**Exercise goal:** The answer must be the full listing, word for word, with no pictures in it.

**Record extracts:**
___

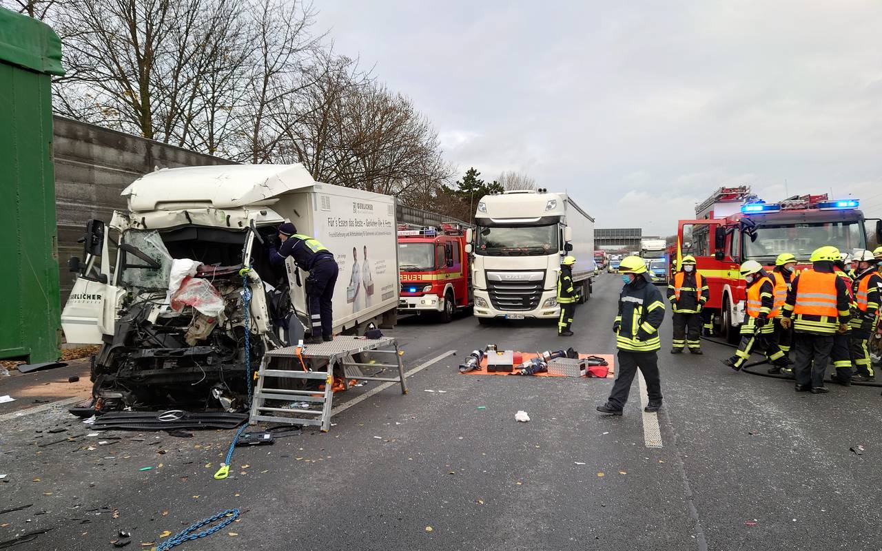 Auf der A1 ist am Kreuz Dortmund-Unna kam es am Freitag (3.12.) zu einem Unfall. Ein kleiner LKW ist auf einen 40-Tonner LKW aufgefahren. Der Fahrer des Transporters wurde schwer verletzt.
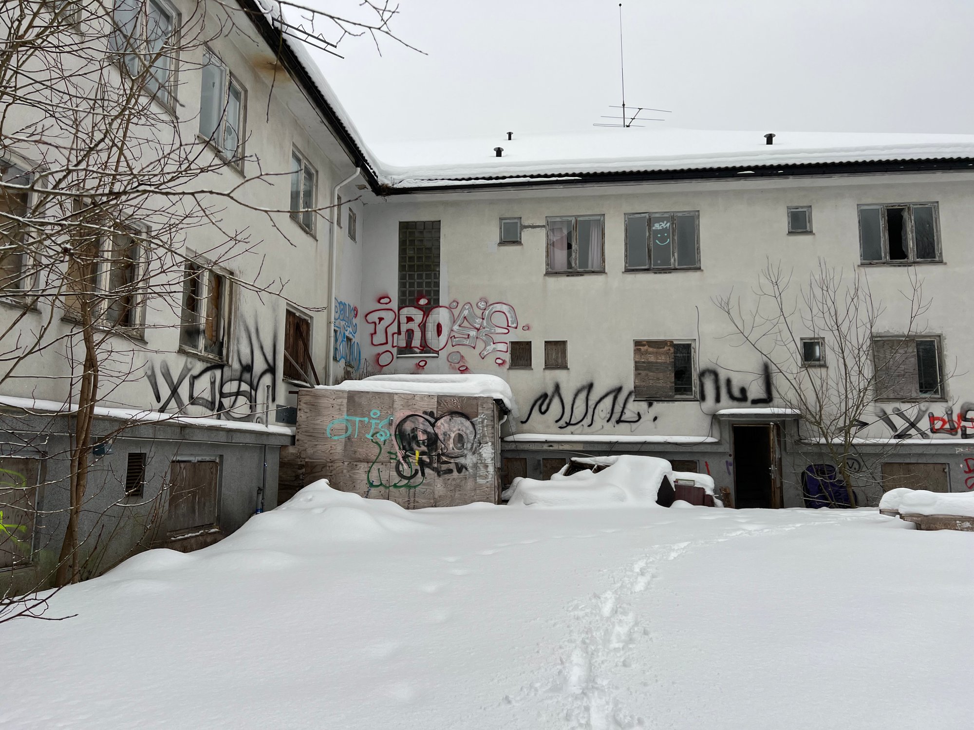 Gamlehjemmet Bjørkebo i Hvittingfoss har stått tomt i mange år. Nå pågår det fortsatt reguleringsarbeid – men før planen kan sluttbehandles, må en ny kvalitetssikring av de geotekniske forholdene på plass.
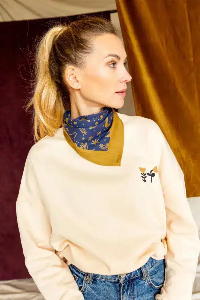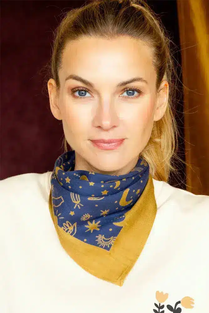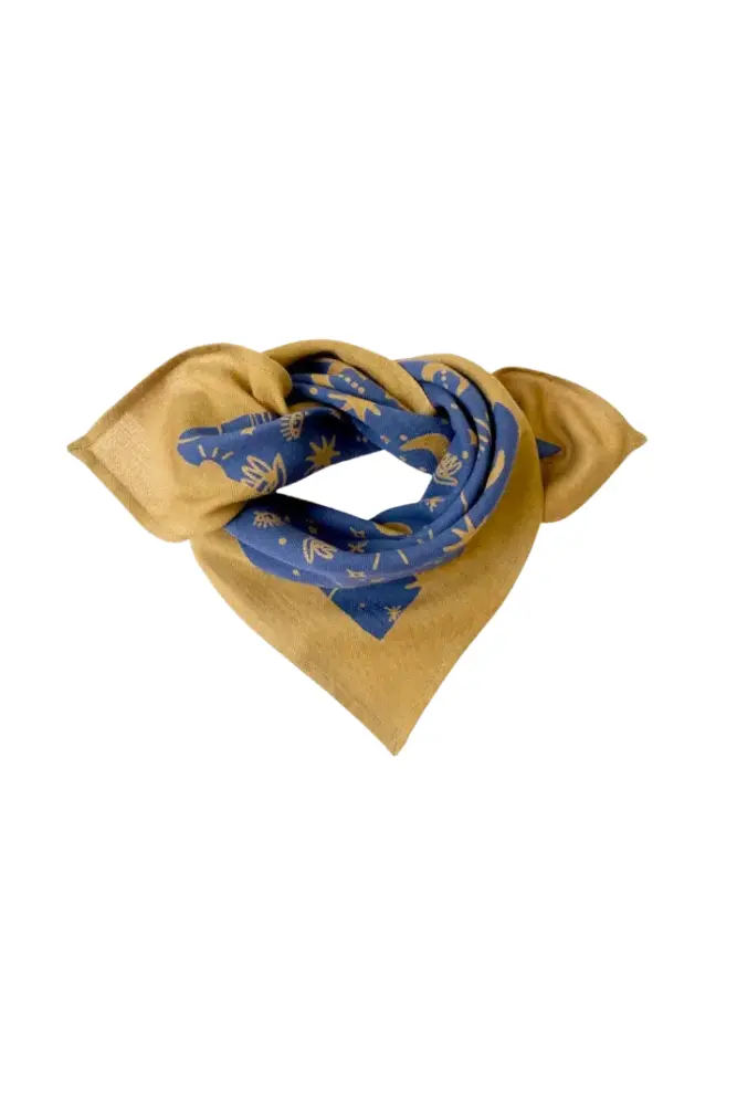 Découvrez le joli foulard en petit format avec son imprimé Karma de la marque Apaches Collection. Imprimé selon la méthode du block-print.
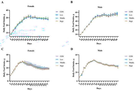 Effects of sublancin on the daily food intake of SD rats fed for the subchronic ((A,B); 90-day; n = 10/sex/group) and chronic ((C,D); 180-day; n = 20/sex/group) toxicity trials (g/day/rat). Each point represents the mean ± SD. CON group, basal diet; Low group, basal diet + 2000 mg/kg; Middle group, basal diet + 10,000 mg/kg; High group, basal diet + 50,000 mg/kg.
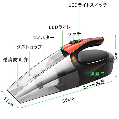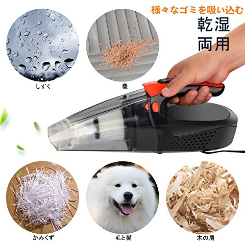 車用掃除機超吸引 乾湿両用 カークリーナー ハンディクリーナー【2018最新版】掃除機【LEDライト付き】 4.5mロング電源コードSTR-VC006 DC 12V 120W 4500PA (ブラック) 日本語説明書付き
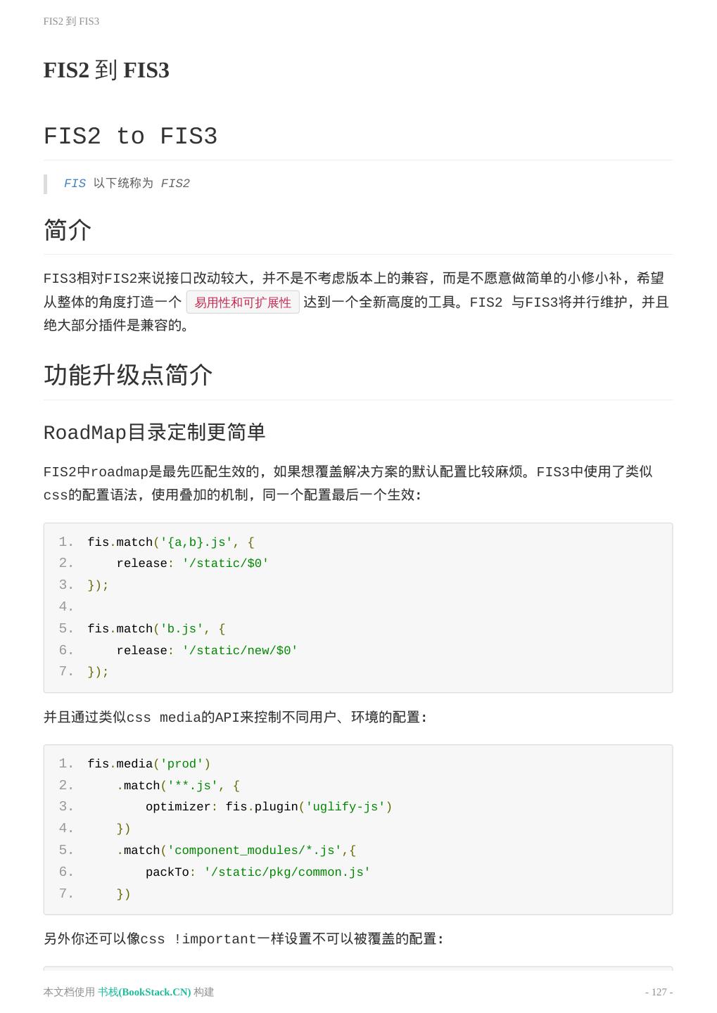7 .介绍 介绍 FIS3 FIS3 是什么? FIS3 是面向前端的工程构建工具。解决前端工程中性能优化、资源加载(异步、同步、按需、预加 载、依赖管理、合并、内嵌)、模块化开发、自动化工具、开发规范、代码部署等问题。 本文档使用 书栈(BookStack.CN) 构建 - 7 -
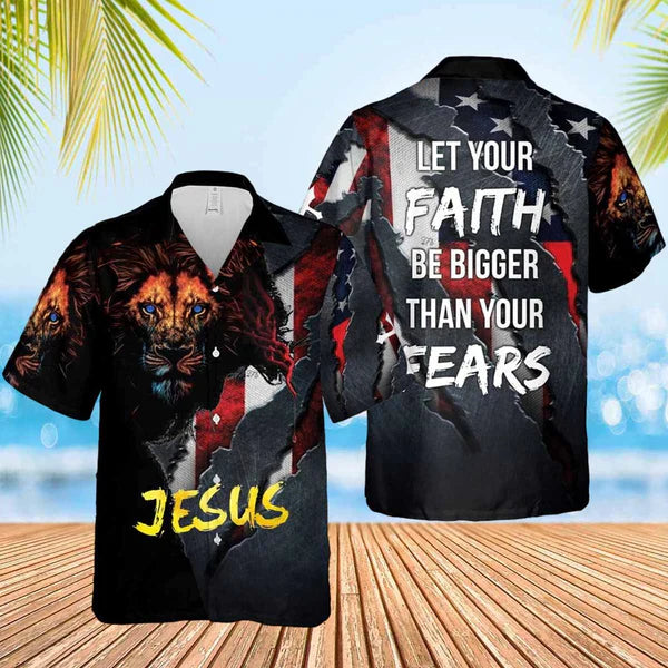 UniJames Jesus Lion Let's Your Faith Be Bigger Than Your Fears Hawaiian Shirt - Christian Hawaiian Shirts For Women Men
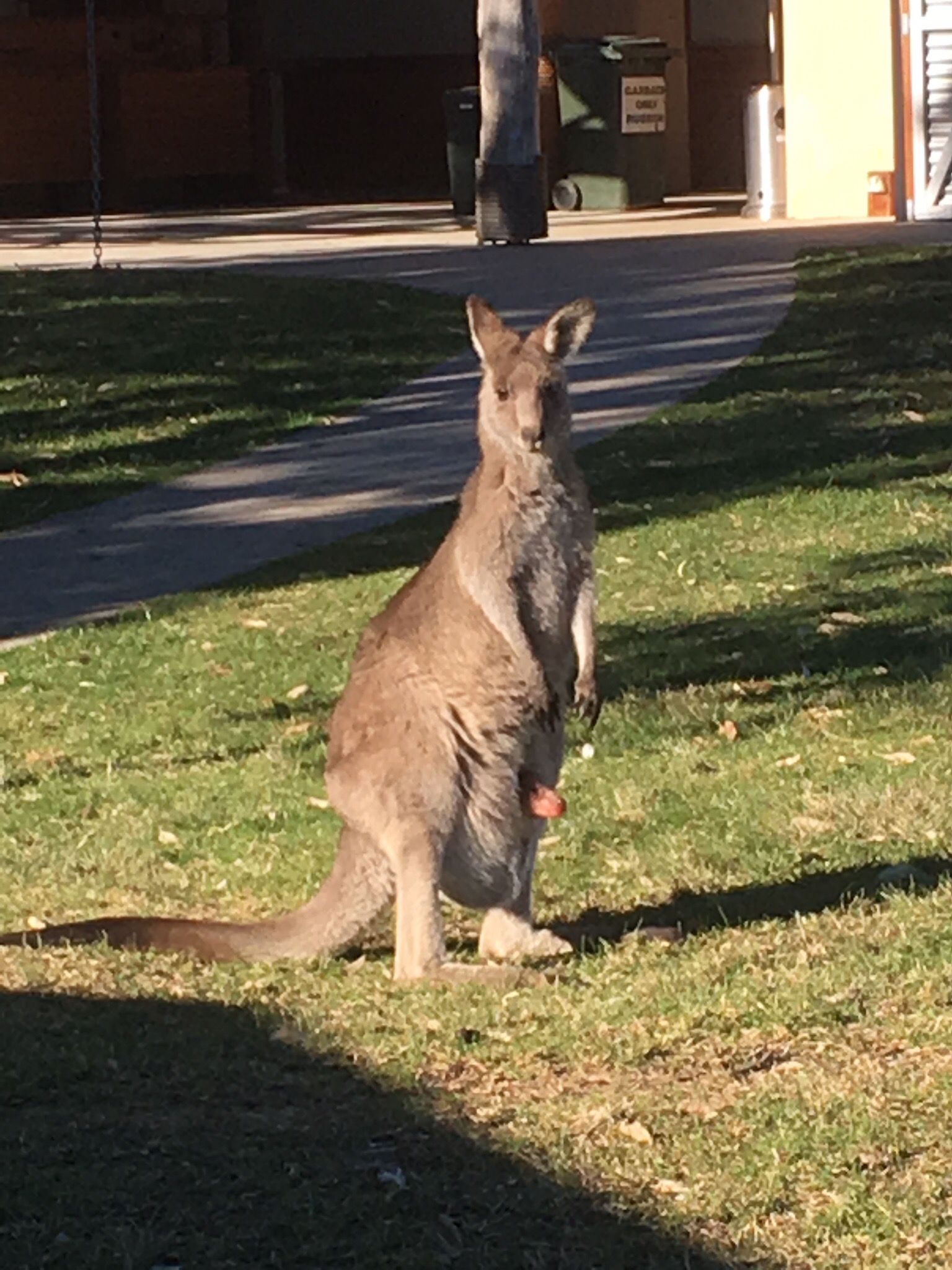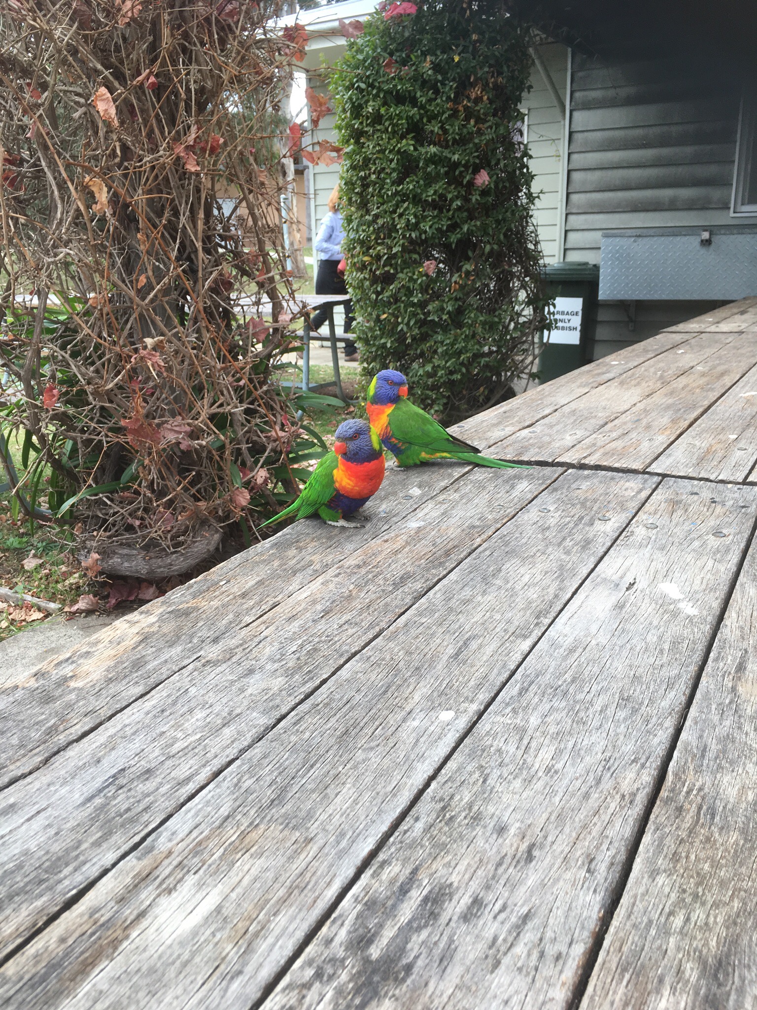 I am in the country of Kangaroos! There is just a kangaroo next to the canteen on the Kioloa Campus, ANU. She seems to have a baby in her ‘pocket’! I am sorry if the picture looks a bit blurred; I need to zoom in quite a lot to capture the animal without disturbing her (or have I already disturbed her peace?).This is one of my favourite pictures. I like how the sky and the beach connect in a thin line somewhere far away in the Pacific Ocean. I went to the Kioloa beach sometime in the afternoon. It was about the time for sunset.This is the tallest tree I have seen around the Kioloa costal area. I was so inspired that people could still live with nature instead of just exploiting nature, and how nature can be treated as an enchanted soul instead of an exploitable resource. The tree may have live for over a thousand years.Two colourful birds you will only see on a paint advertisement!

___

**Finished exercise:**
 Auf der A1 ist am Kreuz Dortmund-Unna kam es am Freitag (3.12.) zu einem Unfall. Ein kleiner LKW ist auf einen 40-Tonner LKW aufgefahren. Der Fahrer des Transporters wurde schwer verletzt.
 Gamlehjemmet Bjørkebo i Hvittingfoss har stått tomt i mange år. Nå pågår det fortsatt reguleringsarbeid – men før planen kan sluttbehandles, må en ny kvalitetssikring av de geotekniske forholdene på plass.
 Découvrez le joli foulard en petit format avec son imprimé Karma de la marque Apaches Collection. Imprimé selon la méthode du block-print.
 Effects of sublancin on the daily food intake of SD rats fed for the subchronic ((A,B); 90-day; n = 10/sex/group) and chronic ((C,D); 180-day; n = 20/sex/group) toxicity trials (g/day/rat). Each point represents the mean ± SD. CON group, basal diet; Low group, basal diet + 2000 mg/kg; Middle group, basal diet + 10,000 mg/kg; High group, basal diet + 50,000 mg/kg.
 車用掃除機超吸引 乾湿両用 カークリーナー ハンディクリーナー【2018最新版】掃除機【LEDライト付き】 4.5mロング電源コードSTR-VC006 DC 12V 120W 4500PA (ブラック) 日本語説明書付き
7 .介绍 介绍 FIS3 FIS3 是什么? FIS3 是面向前端的工程构建工具。解决前端工程中性能优化、资源加载(异步、同步、按需、预加 载、依赖管理、合并、内嵌)、模块化开发、自动化工具、开发规范、代码部署等问题。 本文档使用 书栈(BookStack.CN) 构建 - 7 -
 UniJames Jesus Lion Let's Your Faith Be Bigger Than Your Fears Hawaiian Shirt - Christian Hawaiian Shirts For Women Men
 I am in the country of Kangaroos! There is just a kangaroo next to the canteen on the Kioloa Campus, ANU. She seems to have a baby in her ‘pocket’! I am sorry if the picture looks a bit blurred; I need to zoom in quite a lot to capture the animal without disturbing her (or have I already disturbed her peace?).This is one of my favourite pictures. I like how the sky and the beach connect in a thin line somewhere far away in the Pacific Ocean. I went to the Kioloa beach sometime in the afternoon. It was about the time for sunset.This is the tallest tree I have seen around the Kioloa costal area. I was so inspired that people could still live with nature instead of just exploiting nature, and how nature can be treated as an enchanted soul instead of an exploitable resource. The tree may have live for over a thousand years.Two colourful birds you will only see on a paint advertisement!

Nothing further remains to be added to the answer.